Amos Luzzatto è tra quelli che sembra attribuire almeno in parte la responsabilità di un così critico giudizio verso Israele a un'informazione europea non equilibrata. «Se in televisione si fa vedere un carro armato israeliano e un bambino palestinese, allora è chiaro dove va la simpatia dello spettatore». Purtroppo le cose non vanno così. Le posizioni più critiche verso Israele nel sondaggio derivano dalla fascia di popolazione più colta e in ogni caso tutte le televisioni d'Europa hanno fatto vedere correttamente e puntualmente tutte le immagini, anche le più crude, delle stragi di civili israeliani innocenti compiute in questi anni.

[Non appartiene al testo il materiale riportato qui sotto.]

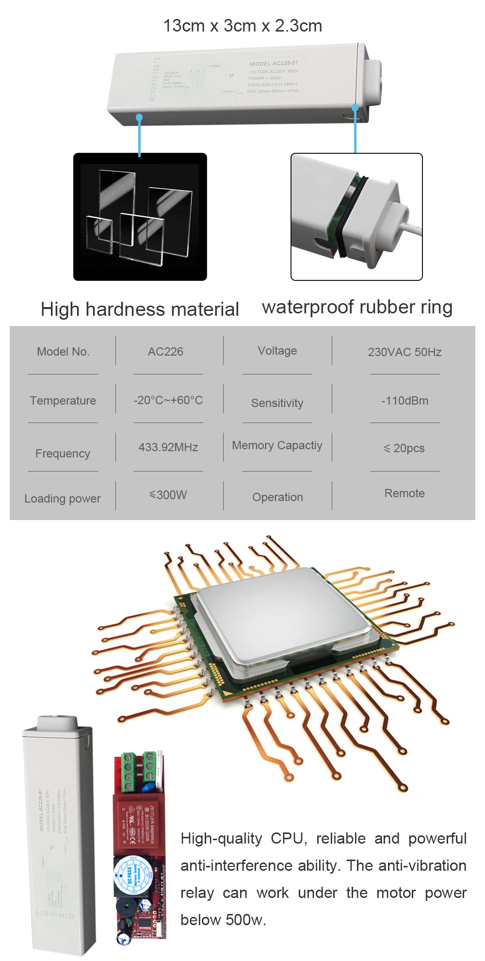 Маленький размер для скрытой установкиПолностью герметичная конструкция с защитой IP65 для наружной установкиJog/linking для легкой резки, точный контроль положения электронных венецианских жалюзиПринятие анти-токовой схемы, подходит для двигателей, мощность которых ниже 500 ВтСтабильная производительность, сильная защита от помехТочный процесс SMT, поверхность влагостойкая,Понижающее решение трансформатора, долговечная стабильность и надежность
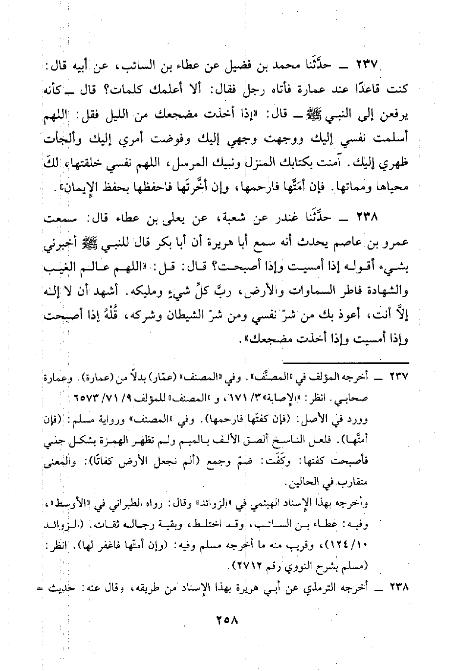 237 - حَدَّثَنَا مُحَمَّدُ بْنُ فُضَيْلٍ، عَنْ عَطَاءِ بْنِ السَّائِبٍ، عَنْ أَبِيهِ، قَالَ: كُنْتُ قَاعِدًا عِنْدَ عُمَارَةَ، فَأَتَاهُ رَجُلٌ، فَقَالَ: أَلَا أُعَلِّمُكَ كَلِمَاتٍ؟، قَالَ - كَأَنَّهُ يَرْفَعُهُ إِلَى النَّبِيِّ صَلَّى اللهُ عَلَيْهِ وَسَلَّمَ - قَالَ: " §إِذَا أَخَذْتَ مَضْجَعَكَ مِنَ اللَّيْلِ فَقُلِ: اللَّهُمَّ أَسْلَمْتُ نَفْسِيَ إِلَيْكَ، وَوَجَّهْتُ وَجْهِيَ إِلَيْكَ، وَفَوَّضْتُ أَمْرِيَ إِلَيْكَ، وَأَلْجَأْتُ ظَهْرِيَ إِلَيْكَ، آمَنْتُ بِكِتَابِكَ الْمُنَزَّلِ، وَنَبِيِّكَ الْمُرْسَلِ، اللَّهُمَّ نَفْسِيَ خَلَقْتَهَا، لَكَ مَحْيَاهَا وَمَمَاتُهَا فَإِنْ أَمَتَّهَا فَارْحَمْهَا، وَإِنْ أَخَّرْتَهَا فَاحْفَظْهَا بِحِفْظِ الْإِيمَانِ "
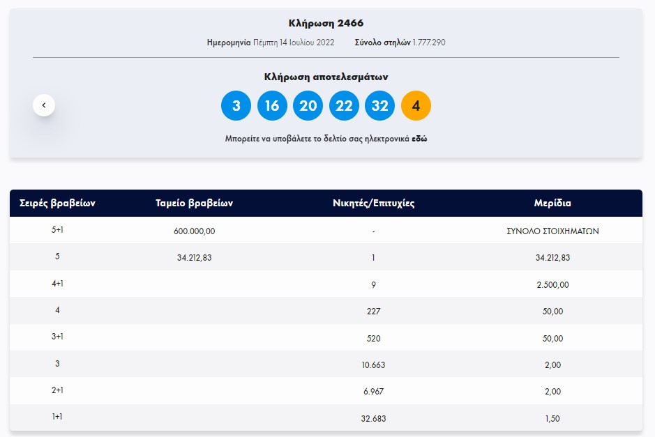 Στην κλήρωση ΤΖΟΚΕΡ, σήμερα Πέμπτη 14/7/2022 (αριθμός κλήρωσης 2466), οι τυχεροί αριθμοί ήταν οι εξής:
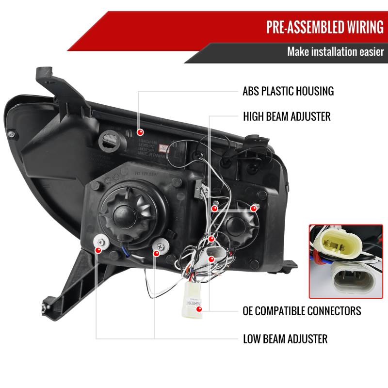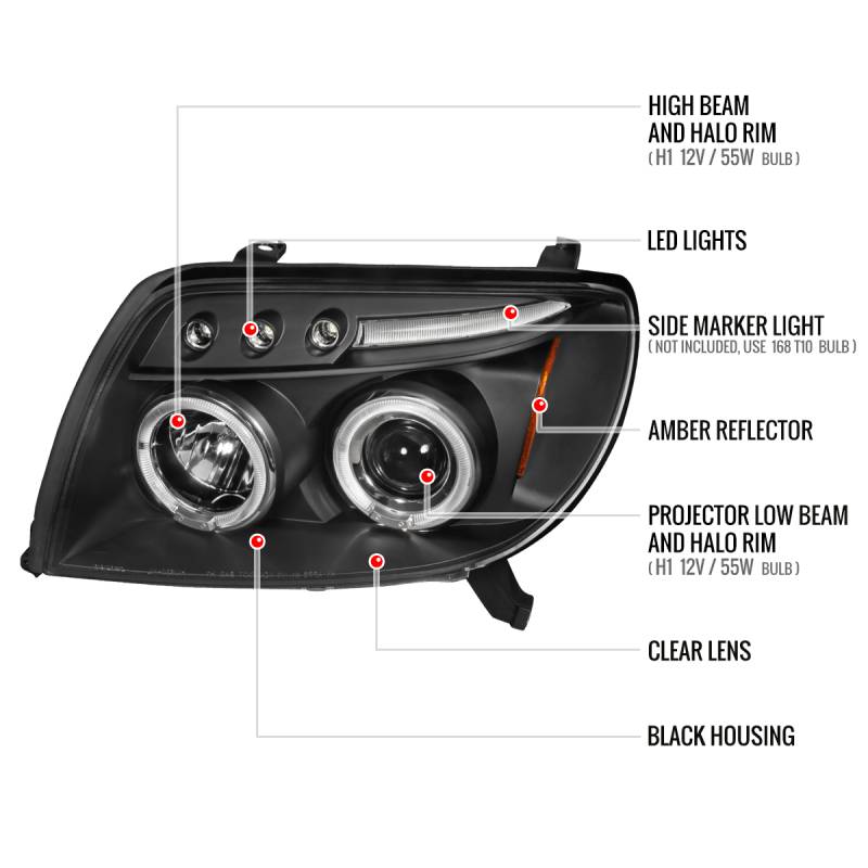 2003-2005 Toyota 4Runner Dual Halo Projector Headlights (Matte Black Housing/Clear Lens)

Il bilancio dei morti è sempre tragico e semmai andrebbe riconosciuto onestamente che poco abbiamo visto di Jenin e meno ancora di Rachel Corrie, la pacifista americana schiacciata da un bulldozer mentre cercava di impedire una demolizione di case. In quei giorni, per esempio, il sito della Cnn dedicava 15 pezzi alla giovane donna soldato Jessica Lynch, ferita e liberata in Iraq, mentre l'altrettanto giovane e altrettanto americana Rachel Corrie, compariva due volte soltanto. Di quella morte e dei suoi responsabili nulla si è più saputo e questa è anche colpa di tutti noi che facciamo i giornalisti.
Il fatto è che i media sono troppo spesso la prima scusa che dirigenti d'azienda e politici assumono volentieri come responsabili del fatto che «non sono capiti» o adeguatamente rappresentati. In questo caso sono tutti uguali, Berlusconi come D'Alema, Bill Gates come Luzzatto. Noi giornalisti di fronte a queste critiche non dobbiamo indignarci: fanno parte del mestiere, ma sarà utile far notare a chi le formula che a parte i casi gravi di consapevole disinformazione, attribuire ai media la colpa della propria cattiva immagine sarà forse consolatorio, ma è del tutto inutile. I giornali magari saranno prevenuti verso la tale marca di tortellini, ma se anche i sondaggi danno risultati negativi, forse è il ripieno che va ripensato e non solo l'immagine.